▶ [Task inputs]
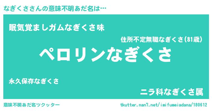 | ヒーロー風カッコイイあだ名 | 『スーパーナギクサ』『愛の使者なぎくさ』 |
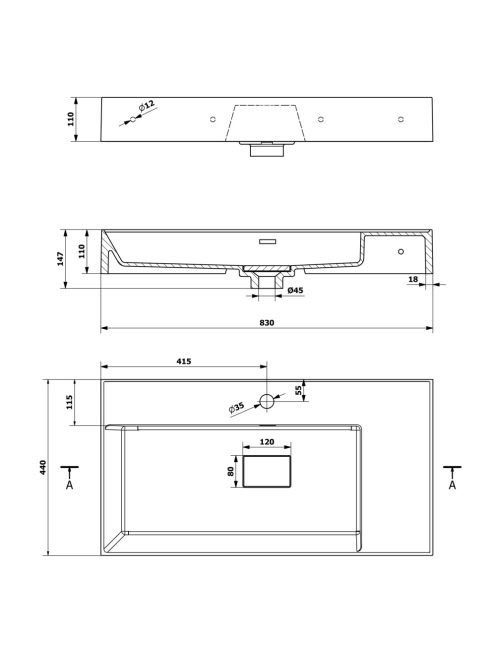 Sapho Godiva öntött márvány mosdó 83x44 cm, fehér GU083L - FSapho Godiva öntött márvány mosdó 83x44 cm, fehér GU083L - F
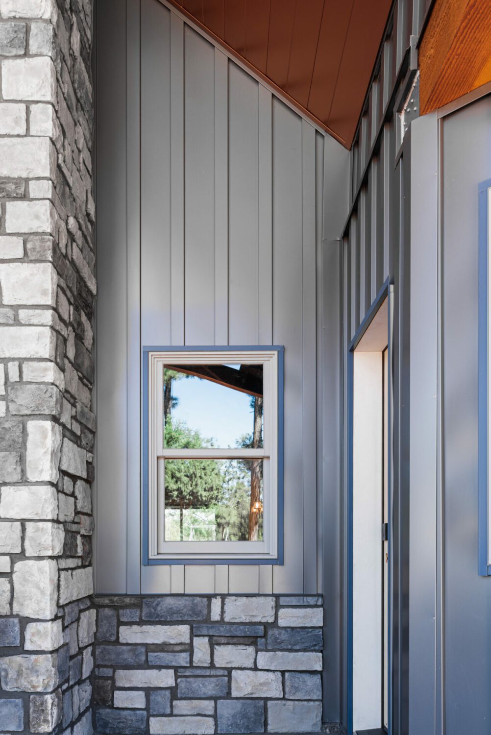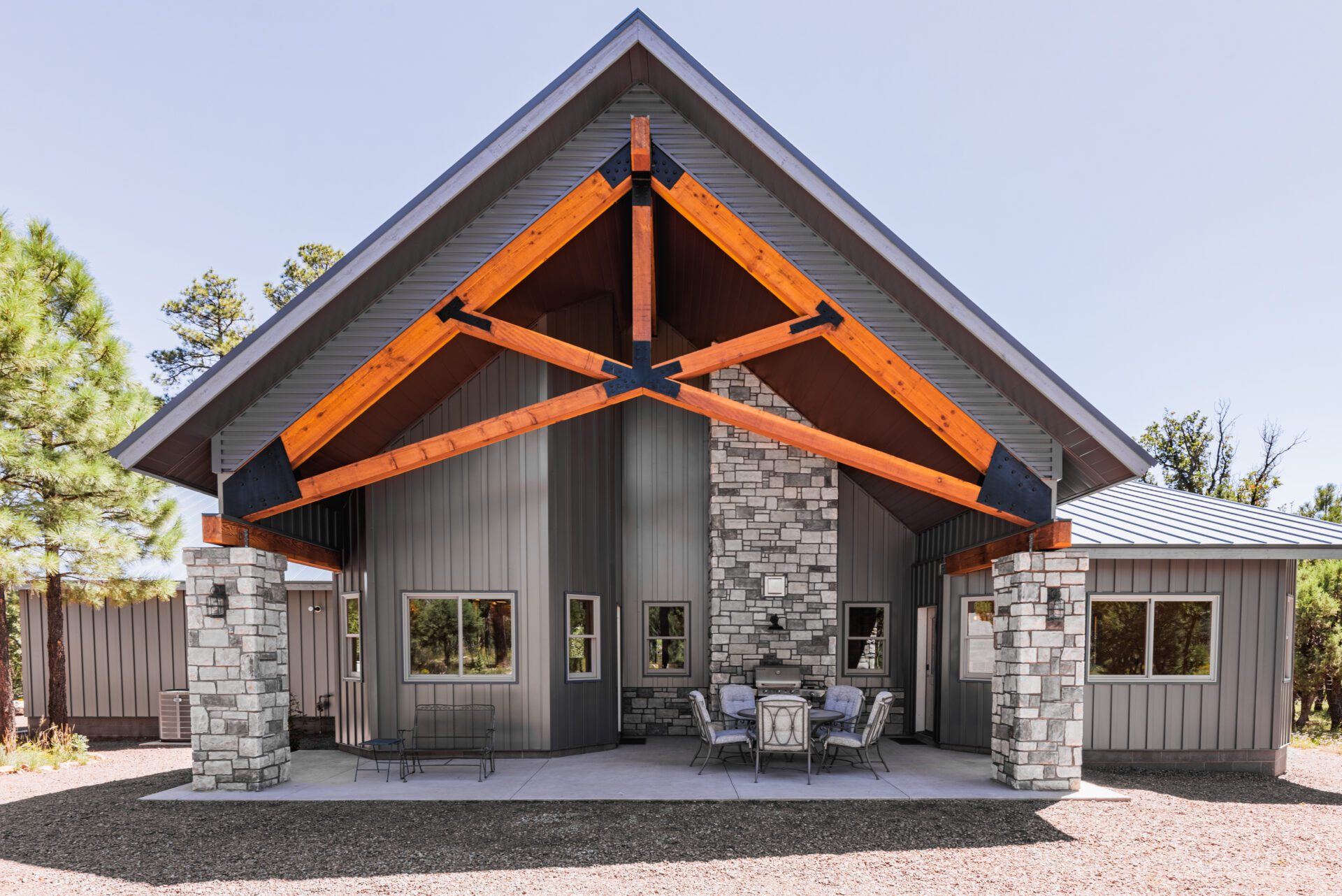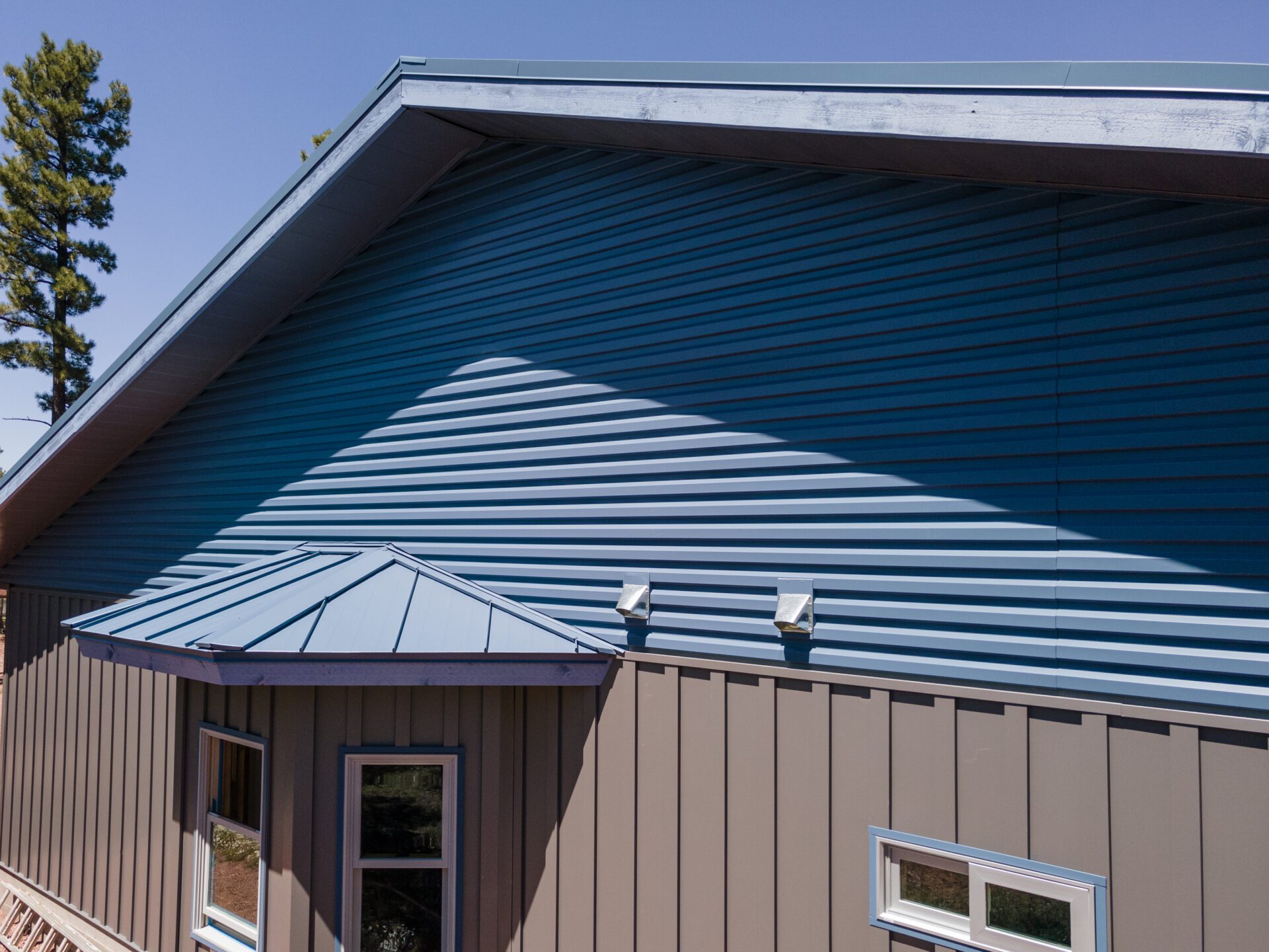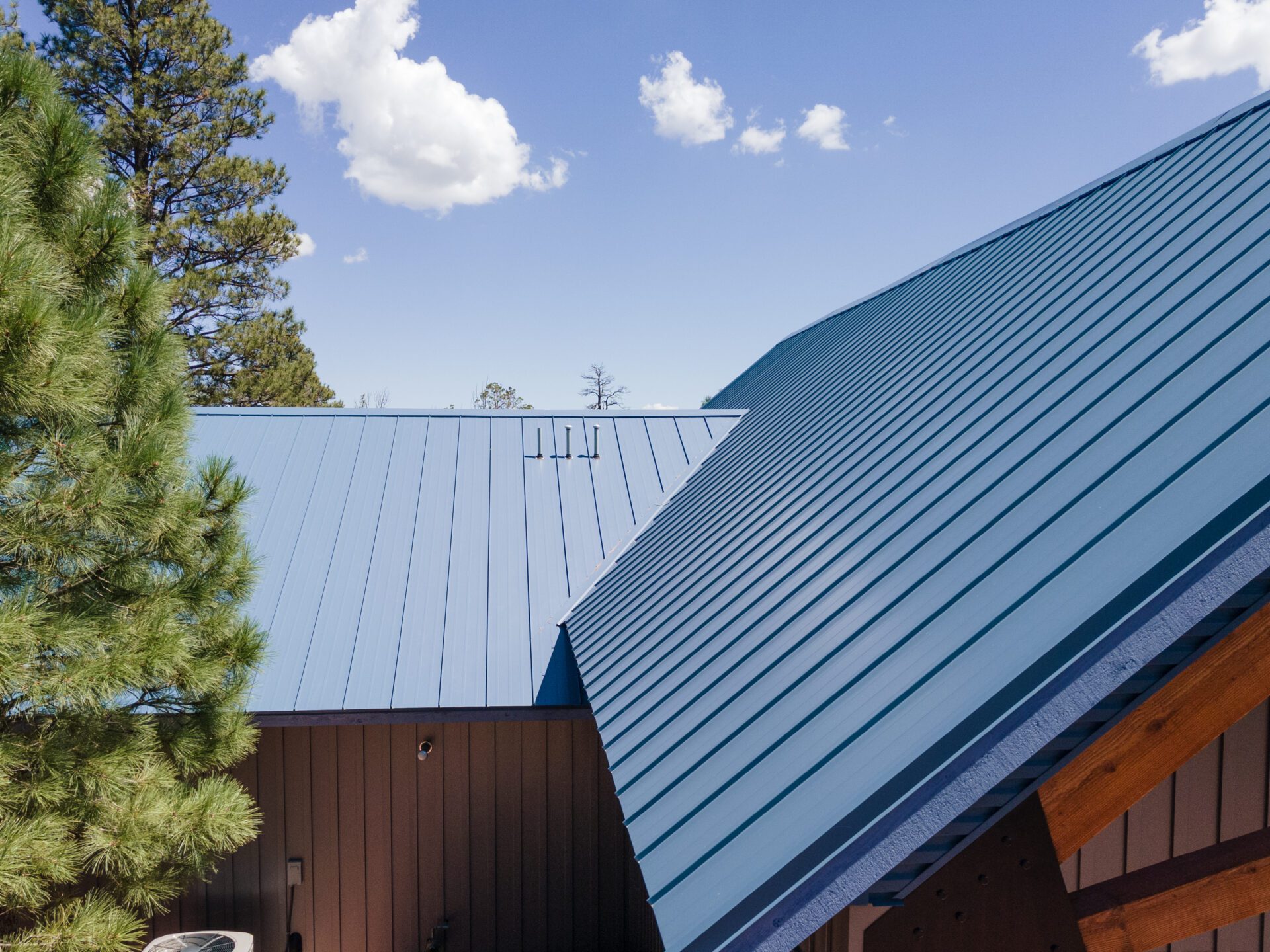 The Happy Jack Cabin, located in Arizona, is a residential project that features multiple Taylor Metal panels! Clip-Lock 100™ standing seam panel is on the roof with a Tahoe Blue color finish. Classic Series C-1 in Tahoe Blue and Elevated Series ELV-37 in Weathered ZInc are featured on the exterior walls, and SmoothWall™ is utilized as a soffit panel both outside and inside in Weathered Zinc and Copper Penny.
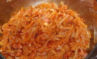 Как только лук стал полупрозрачным, добавляем хорошую столовую ложку с горкой паприки, перемешивая, проготавливаем около минутки.
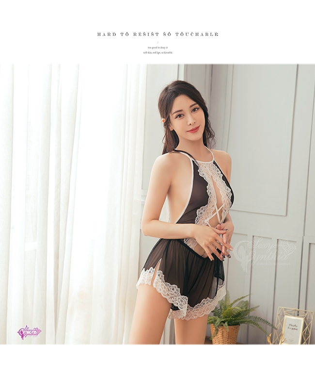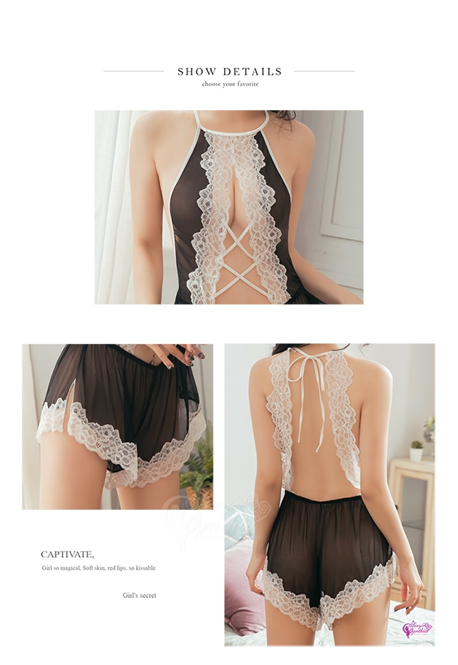 此款連身衣採用黑色薄紗材質,
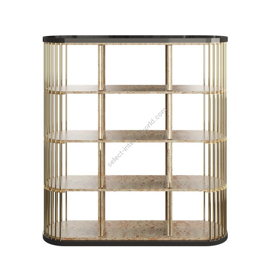 This bookcase carries the same beautiful name and charm that is capable to transform any living space into an outstanding one. The Grace bookshelf was designed to be an accent furniture décor to provide a luxurious statement to the interior. The classy decorative piece incorporates bespoke brass elements and a tailor-made poplar root veneer wood top. A sophisticated colour combination is smooth yet delicate – it manifests an effortless elegance that is alluring to decorate with and complete a total home look with balance and harmony. This modern design integrates sleek gold-plated brass lines that are intertwined and create a subtle frames for the several parts of the bookshelf.

▶ [Your task] Write the lines above out again exactly, excluding every picture.

▶ [Solution for this exercise]
 | ヒーロー風カッコイイあだ名 | 『スーパーナギクサ』『愛の使者なぎくさ』 |
 Sapho Godiva öntött márvány mosdó 83x44 cm, fehér GU083L - FSapho Godiva öntött márvány mosdó 83x44 cm, fehér GU083L - F
 The Happy Jack Cabin, located in Arizona, is a residential project that features multiple Taylor Metal panels! Clip-Lock 100™ standing seam panel is on the roof with a Tahoe Blue color finish. Classic Series C-1 in Tahoe Blue and Elevated Series ELV-37 in Weathered ZInc are featured on the exterior walls, and SmoothWall™ is utilized as a soffit panel both outside and inside in Weathered Zinc and Copper Penny.
 Как только лук стал полупрозрачным, добавляем хорошую столовую ложку с горкой паприки, перемешивая, проготавливаем около минутки.
 此款連身衣採用黑色薄紗材質,
 This bookcase carries the same beautiful name and charm that is capable to transform any living space into an outstanding one. The Grace bookshelf was designed to be an accent furniture décor to provide a luxurious statement to the interior. The classy decorative piece incorporates bespoke brass elements and a tailor-made poplar root veneer wood top. A sophisticated colour combination is smooth yet delicate – it manifests an effortless elegance that is alluring to decorate with and complete a total home look with balance and harmony. This modern design integrates sleek gold-plated brass lines that are intertwined and create a subtle frames for the several parts of the bookshelf.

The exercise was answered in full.